How to calculate minimum constant speed to catch up with constantly accelerated moving point My homework wants me to calculate the minimal velocity needed to catch up with a train moving past me.
The train is accelerating with $a_z = const.$. After it drives past me with $v_{0}$, I take 2 seconds to react, after which I sprint after it with $v_p$.
What is the minimum $v_p$ with which I can manage to catch the train?

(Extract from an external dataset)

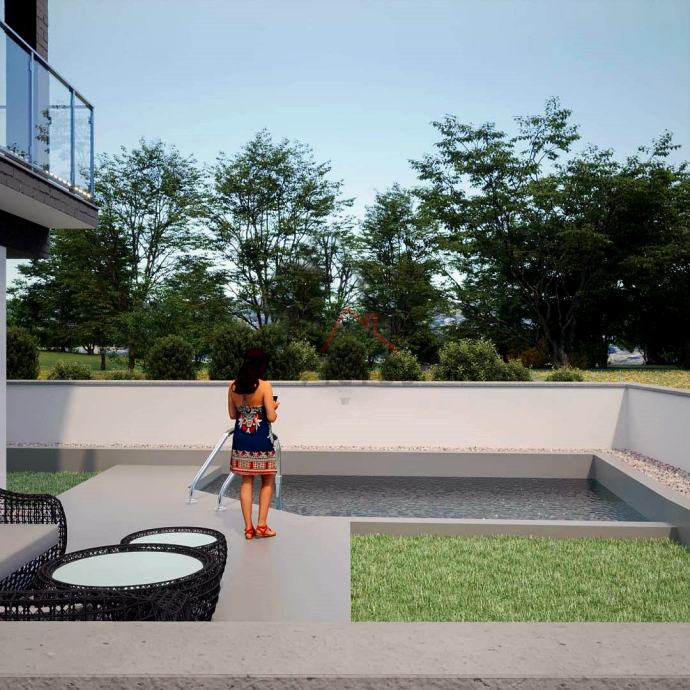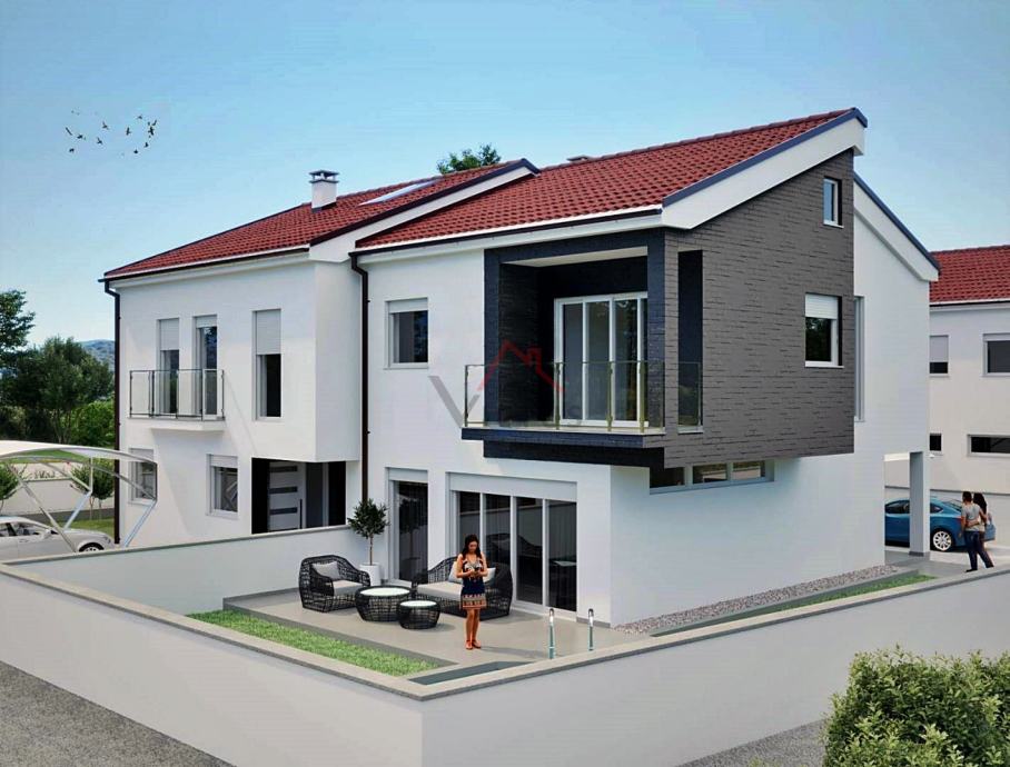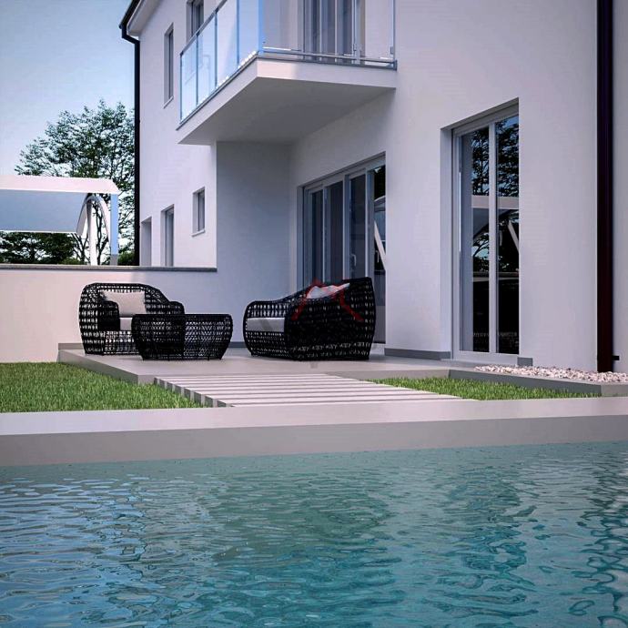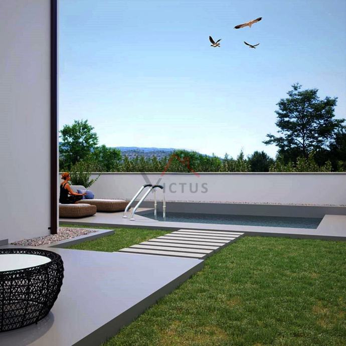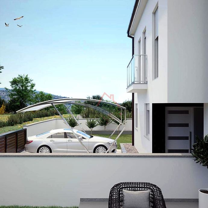 Ova prekrasna, moderna novogradnja ima fizički odvojen prilaz, uređeno i ograđeno zemljište sa vlastitim parkirnim mjestima i vanjski bazen.

My attempt so far is this:
I set $x_z = x_p$.
$x_z = \int_{0}^{t} \int_{0}^{t} a_z dt dt$
$    = \int_{0}^{t} a_z t + v_0 dt $
$    = \frac{1}{2} a_z t^2 + v_0 t + x_0 $
$    = \frac{1}{2} a_z t^2 + v_0 t $
and
$x_p = v_p t$
and so I solve the following for t
$x_z = x_p$.
$\frac{1}{2}a_z t^2 + v_0 t = v_p t$
$\frac{1}{2}a_z t + v_0 = v_p$
$\frac{1}{2}a_z t = v_p - v_0$
$t = \frac{2(v_p - v_0)}{a_z}$ 
And so I am looking for $\min_{v_p} t = \frac{2(v_p - v_0)}{a_z} $ 
As I have two variables I dont know what to do or minimize. Clearly there is a space of solutions, but I dont know how to find the minimum.
Is my approach correct until here? Can you give me any tips?
 A: Since you react after 2 seconds
$$
x_z = {1 \over 2}a_z(t+2)^2 +v_0(t+2)
$$
and Since 
$$
x_z=x_p
$$
$$
v_pt={1 \over 2}a_z(t+2)^2 +v_0(t+2)
$$
$$
v_p={1 \over 2t}a_z(t+2)^2 +{v_0(t+2) \over t}
$$
$$
v_p={1 \over 2t}a_z(t^2+2t+4) +{v_0(t+2) \over t}
$$
$$
v_p={1 \over 2}a_z(t+2+4/t) +v_0(1+2/t)
$$
$$v_p=a_z t/2+2a_z/t +2v_0/t +a_z+v_0$$
to find the minimum value of function we equate the slope to zero
$$d v_d/dt  = a_z/2 - 2(a_z+v_0)/t^2 = 0$$
$$ => t= \sqrt{4(1+v_0/a_z)}$$
so if you substitute in above equation you will get minimum constant speed
A: You’ve correctly determined the equation of motion $s=\frac12a_zt^2+v_0t$ for the train, but as noted in a comment you’ve neglected to take into account the two second delay before you instantly accelerate to the interception speed $v_p$, so the correct equation of motion for your running is $s=v_p(t-2)$.  
You want this line to intersect the parabola at $t\ge2$, so equate the two expressions for $s$ to get the equation $$\frac12a_zt^2+v_0t=v_p(t-2).\tag{*}$$ The line’s slope corresponds to your running speed, so for minimal speed this line should be tangent to the parabola. Therefore, choose a positive $v_p$ so that (*) has exactly one real root (hint: examine the discriminant).